§ **Work task**: Copy the data exactly. Images are to be left out.
>>
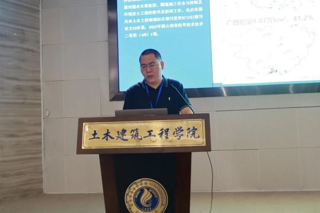beat365手机版官网入口土木建筑工程学院助理教授安鹏涛作了题为“岩溶区隧道全寿命周期构建绿色防排水体系关键技术研究”的学术报告。安鹏涛助理教授结合实际工程案例,从“隧道突涌水灾害精细化预测”“复杂水压环境下隧道衬砌背后水压致灾机理”和“优化岩溶隧道排水系统”三个方面为我们介绍了关于岩溶隧道涌水灾害的理论研究及其在工程项目中的成功应用。
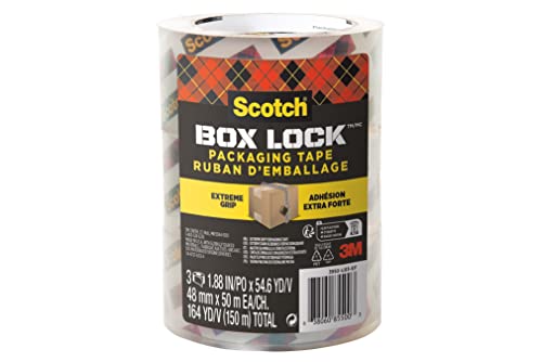 Scotch Box Lock Förpackningstejp, 3 rullar, 48 mm x 50 m - Stark klar packningstejp, perfekt för packlådor och paket
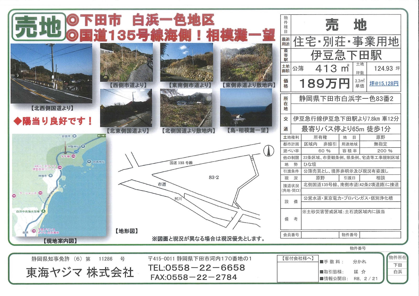国道135号線海側・陽当たり良好
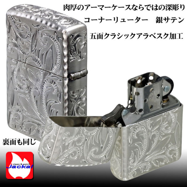 通常の約1.5倍の厚みをもつ重厚なアーマーケースのジッポーがベース。 表・裏・トップ・両サイドの5面にわたる部分に、とても美しいアラベスク(唐草)模様を深彫り彫刻。 アーマーならではの特性を活かし加工を施した、エレガントで高級感のある仕上がりになりました。 表面のコーナーにはリューター加工が施されており、さらに高級感が醸し出されています。 シルバーサテーナ仕上げで上品な仕上がりに... 専用化粧箱入りで、プレゼントやギフトにも最適です。 ■仕様:シルバーサテーナ仕上げ、五面深彫り彫刻、コーナーリューター加工 ■ZIPPOケース:アーマーケース ■付属品:ZIPPO専用化粧箱、ZIPPO社永久保証書 |
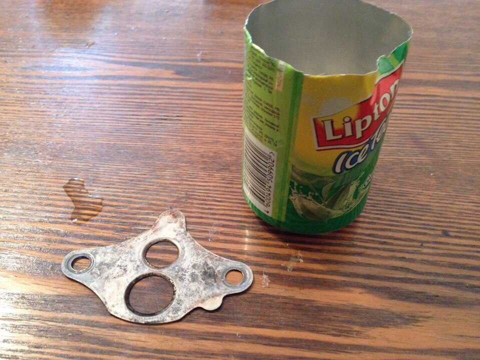 Ребята вырезают из алюминиевой банки прокладки, но я вдруг вспомнил, что у меня есть кусок паранита(материал для изготовления пркладок).
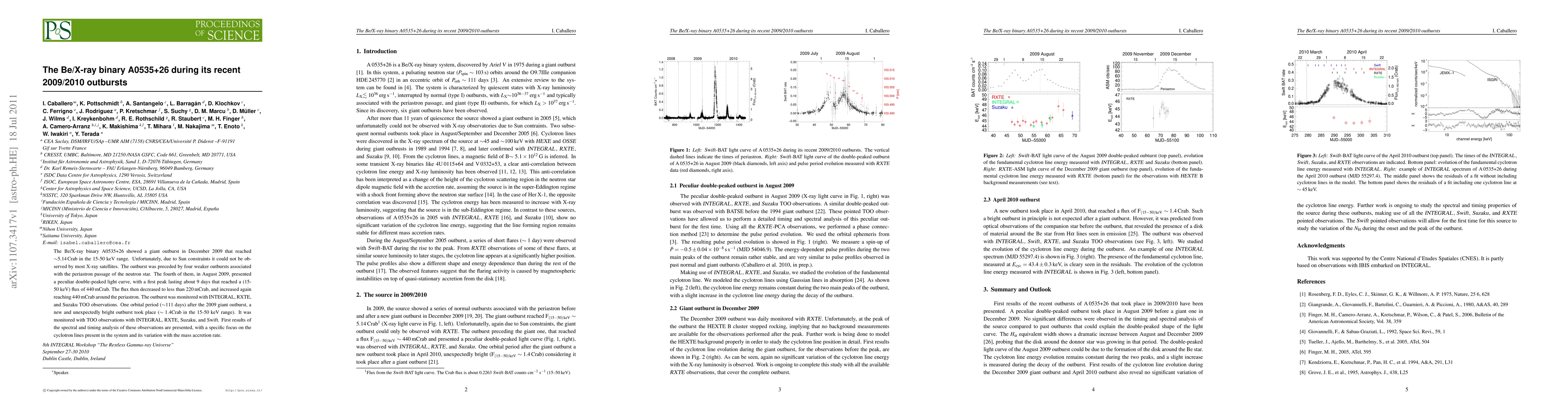 The Be/X-ray binary A0535+26 experienced a giant outburst in 2009, followed by another bright outburst ~111 days later, with observations indicating changing cyclotron lines that correlate with mass accretion rate.
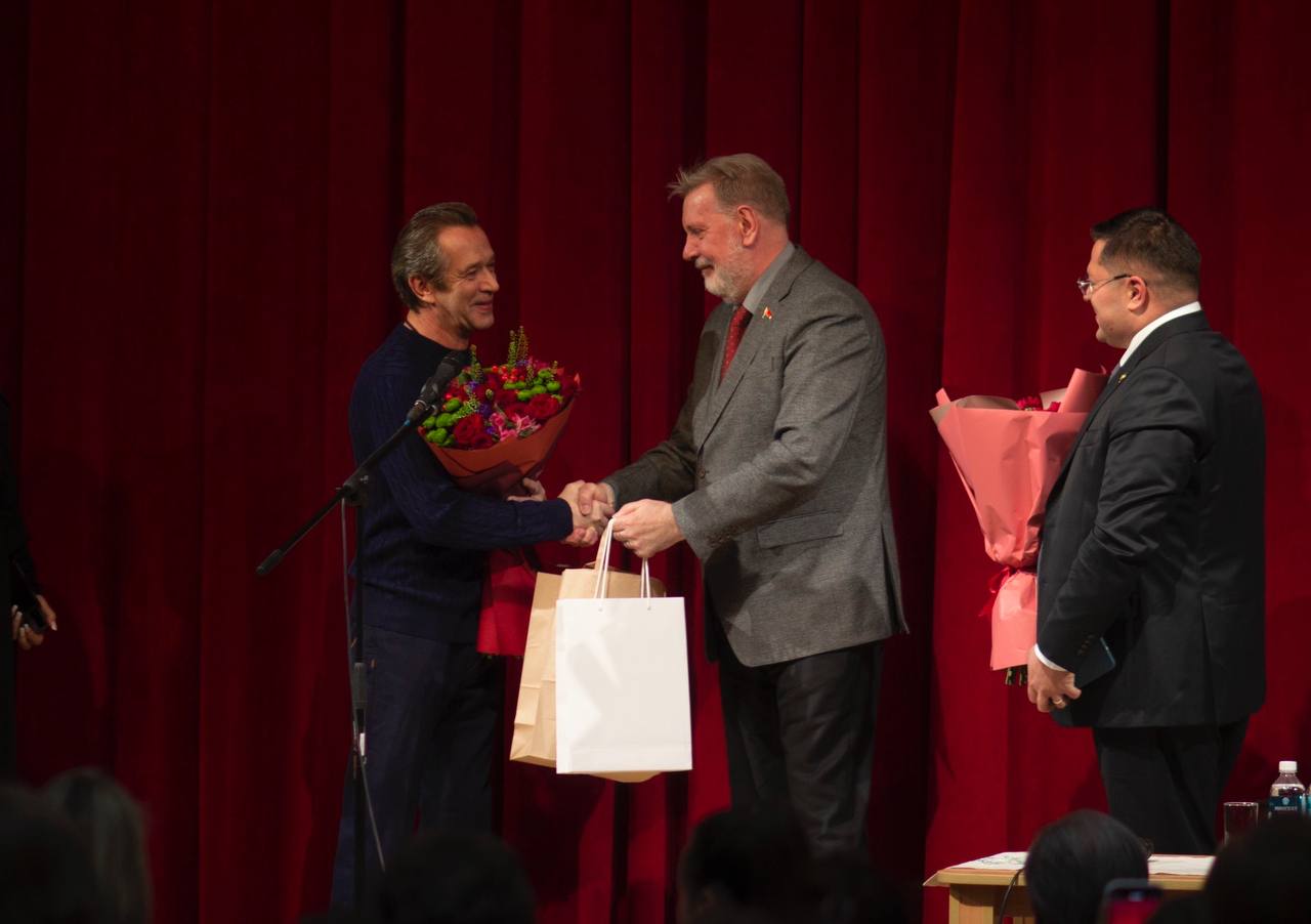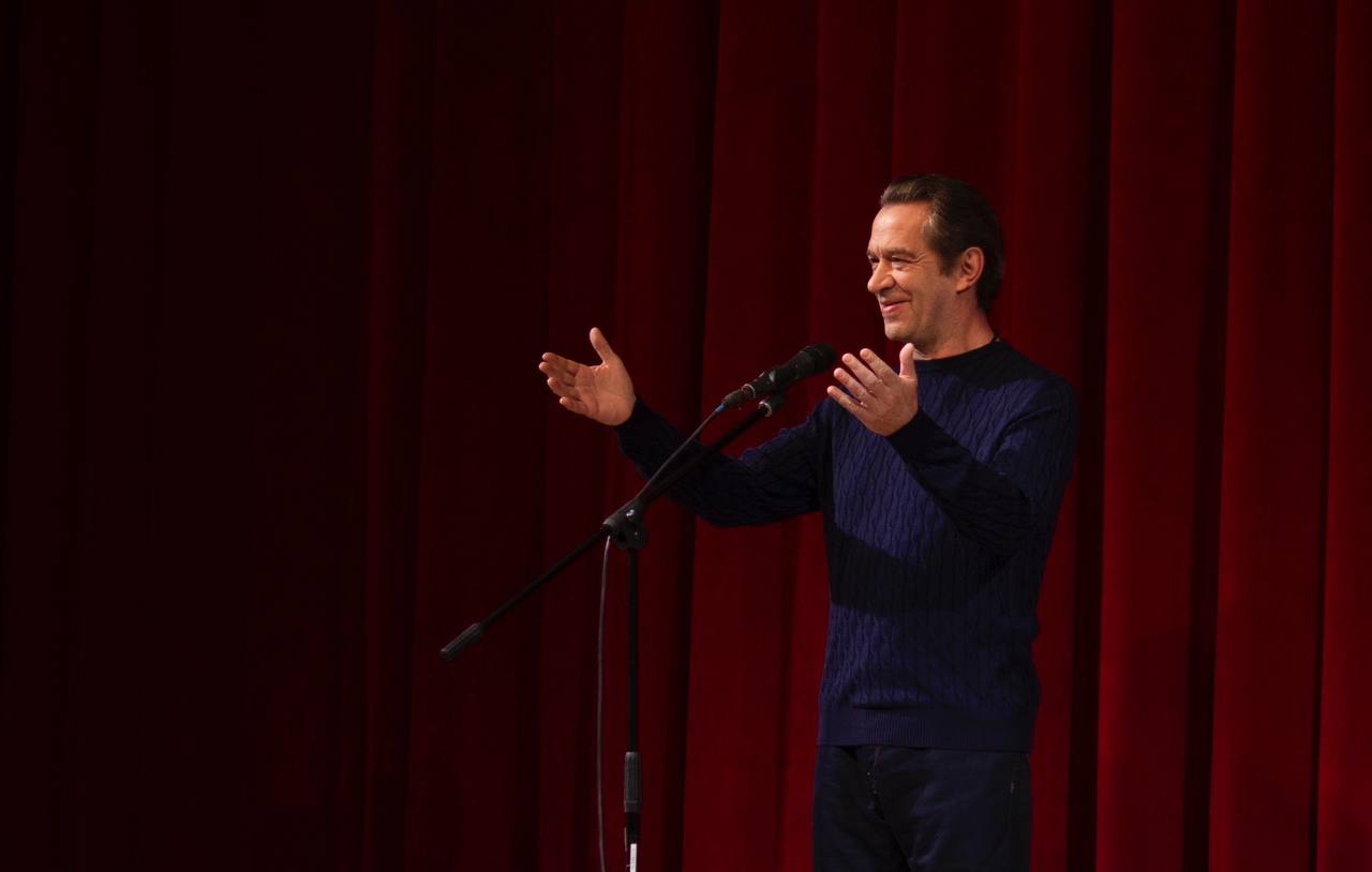 В теплой беседе со зрителями Владимир Машков рассказал о своем творческом пути, взглядах на актерское образование и поделился секретами, как ему удается совмещать так много должностей и видов деятельности, а также поделился со студентами тонкостями актерского мастерства.
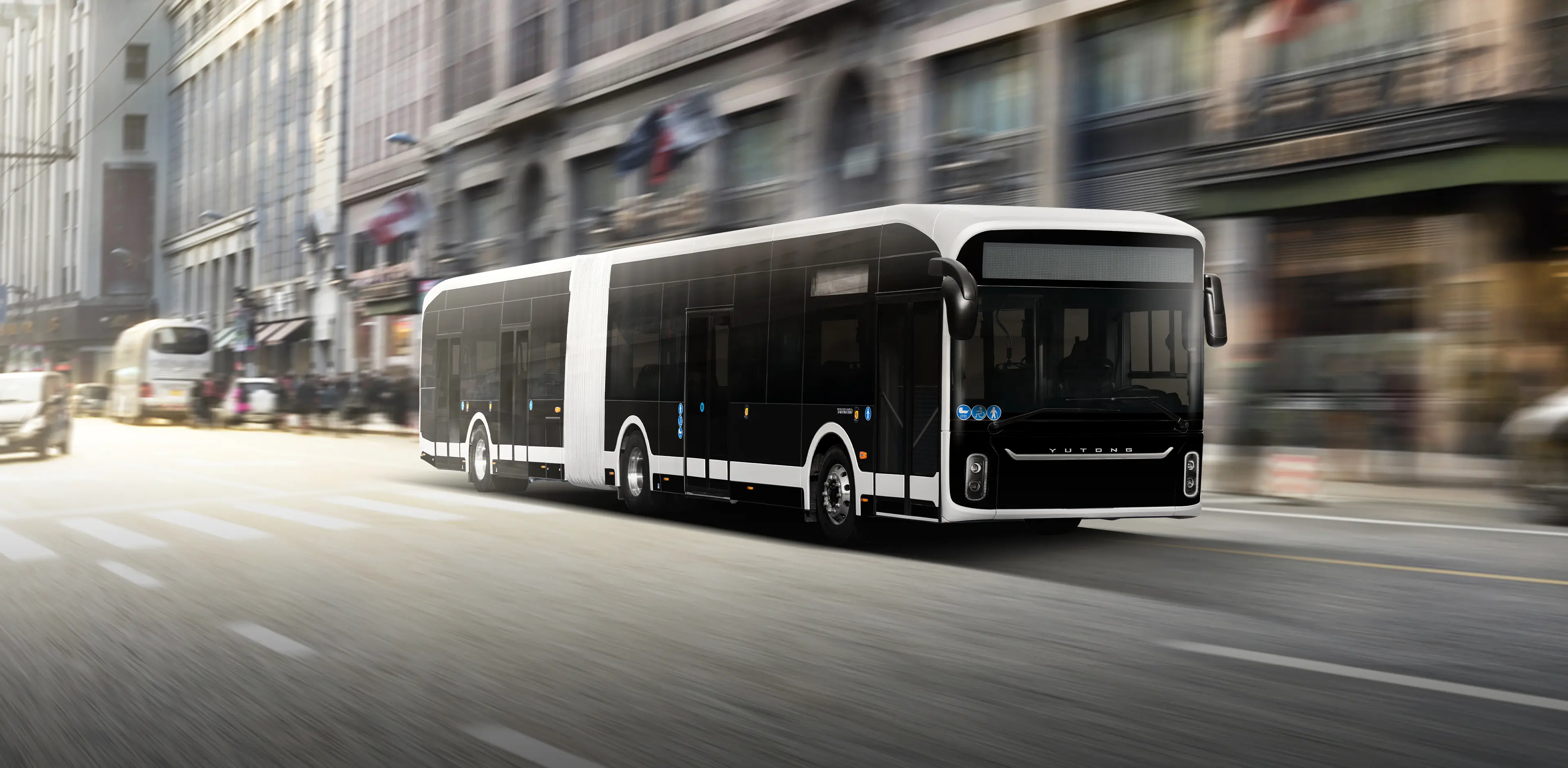 The Yutong U18 electric bi-articulated bus combines aesthetics with maximum seat capacity and is designed for busy urban arteries.
<<
§ **Your solution**:
beat365手机版官网入口土木建筑工程学院助理教授安鹏涛作了题为“岩溶区隧道全寿命周期构建绿色防排水体系关键技术研究”的学术报告。安鹏涛助理教授结合实际工程案例,从“隧道突涌水灾害精细化预测”“复杂水压环境下隧道衬砌背后水压致灾机理”和“优化岩溶隧道排水系统”三个方面为我们介绍了关于岩溶隧道涌水灾害的理论研究及其在工程项目中的成功应用。
 Scotch Box Lock Förpackningstejp, 3 rullar, 48 mm x 50 m - Stark klar packningstejp, perfekt för packlådor och paket
国道135号線海側・陽当たり良好
 通常の約1.5倍の厚みをもつ重厚なアーマーケースのジッポーがベース。 表・裏・トップ・両サイドの5面にわたる部分に、とても美しいアラベスク(唐草)模様を深彫り彫刻。 アーマーならではの特性を活かし加工を施した、エレガントで高級感のある仕上がりになりました。 表面のコーナーにはリューター加工が施されており、さらに高級感が醸し出されています。 シルバーサテーナ仕上げで上品な仕上がりに... 専用化粧箱入りで、プレゼントやギフトにも最適です。 ■仕様:シルバーサテーナ仕上げ、五面深彫り彫刻、コーナーリューター加工 ■ZIPPOケース:アーマーケース ■付属品:ZIPPO専用化粧箱、ZIPPO社永久保証書 |
 Ребята вырезают из алюминиевой банки прокладки, но я вдруг вспомнил, что у меня есть кусок паранита(материал для изготовления пркладок).
 The Be/X-ray binary A0535+26 experienced a giant outburst in 2009, followed by another bright outburst ~111 days later, with observations indicating changing cyclotron lines that correlate with mass accretion rate.
 В теплой беседе со зрителями Владимир Машков рассказал о своем творческом пути, взглядах на актерское образование и поделился секретами, как ему удается совмещать так много должностей и видов деятельности, а также поделился со студентами тонкостями актерского мастерства.
 The Yutong U18 electric bi-articulated bus combines aesthetics with maximum seat capacity and is designed for busy urban arteries.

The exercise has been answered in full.